Given the investment horizon of 90 days Cool Company is expected to under-perform the Matson. In addition to that, Cool is 1.75 times more volatile than Matson Inc. It trades about -0.18 of its total potential returns per unit of risk. Matson Inc is currently generating about -0.03 per unit of volatility. If you would invest  13,620  in Matson Inc on December 27, 2024 and sell it today you would lose (558.00) from holding Matson Inc or give up 4.1% of portfolio value over 90 days.
Time Period3 Months [change]
DirectionMoves Together 
StrengthWeak
Accuracy100.0%
ValuesDaily Returns

Cool Company  vs.  Matson Inc

 Performance 
       Timeline  
Cool Company 

Risk-Adjusted Performance

Very Weak

 
Weak
 
Strong
Over the last 90 days Cool Company has generated negative risk-adjusted returns adding no value to investors with long positions. In spite of uncertain performance in the last few months, the Stock's fundamental indicators remain very healthy which may send shares a bit higher in April 2025. The recent disarray may also be a sign of long period up-swing for the firm investors.
Matson Inc 

Risk-Adjusted Performance

Very Weak

 
Weak
 
Strong
Over the last 90 days Matson Inc has generated negative risk-adjusted returns adding no value to investors with long positions. In spite of fairly strong basic indicators, Matson is not utilizing all of its potentials. The latest stock price disturbance, may contribute to short-term losses for the investors.
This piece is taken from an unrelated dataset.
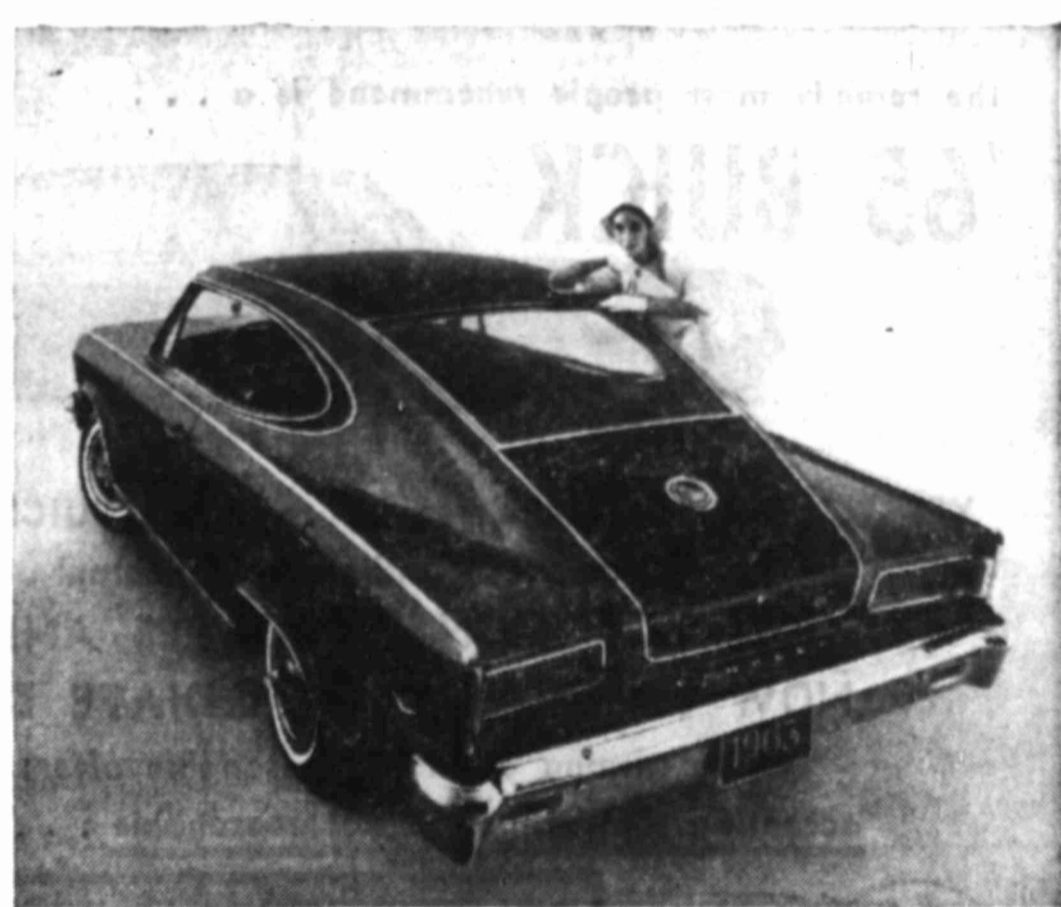
Marlin by Rambler—First Man-Size Sports-Fastback

How much excitement can you stand? Find out today at your Rambler dealer—where the big 1965 1/2 news is! Come try the red-hot new 1965 1/2 Marlin—first and only man-size sports-fastback. Sample the luxury of reclining front seats that glide back and forth for individual legroom. Feel its nimble performance. But be ready for more—in the Marlin, Ambassador and Classic models. The most exciting choice of floor shifts—manual or Shift-Command Flash-O-Matic, teamed with mighty V-8s up to 327 cu. in. Try the sports-car Power Disc Brakes (standard on Marlin) that resist fade on mountain grades, stop safely even in a drenching cloudburst. See the new leather-grained black vinyl roofs available on Rambler hardtops. Look at the all-new Ambassador and Classic convertibles—or the American, lowest priced U.S. convertible.

Cool and Matson Volatility Contrast

   Predicted Return Density   
       Returns  

Pair Trading with Cool and Matson

The main advantage of trading using opposite Cool and Matson positions is that it hedges away some unsystematic risk. Because of two separate transactions, even if Cool position performs unexpectedly, Matson can make up some of the losses. Pair trading also minimizes risk from directional movements in the market. For example, if an entire industry or sector drops because of unexpected headlines, the short position in Matson will offset losses from the drop in Matson's long position.
The idea behind Cool Company and Matson Inc pairs trading is to make the combined position market-neutral, meaning the overall market's direction will not affect its win or loss (or potential downside or upside). This can be achieved by designing a pairs trade with two highly correlated stocks or equities that operate in a similar space or sector, making it possible to obtain profits through simple and relatively low-risk investment.
Check out your portfolio center.
Note that this page's information should be used as a complementary analysis to find the right mix of equity instruments to add to your existing portfolios or create a brand new portfolio. You can also try the Price Ceiling Movement module to calculate and plot Price Ceiling Movement for different equity instruments.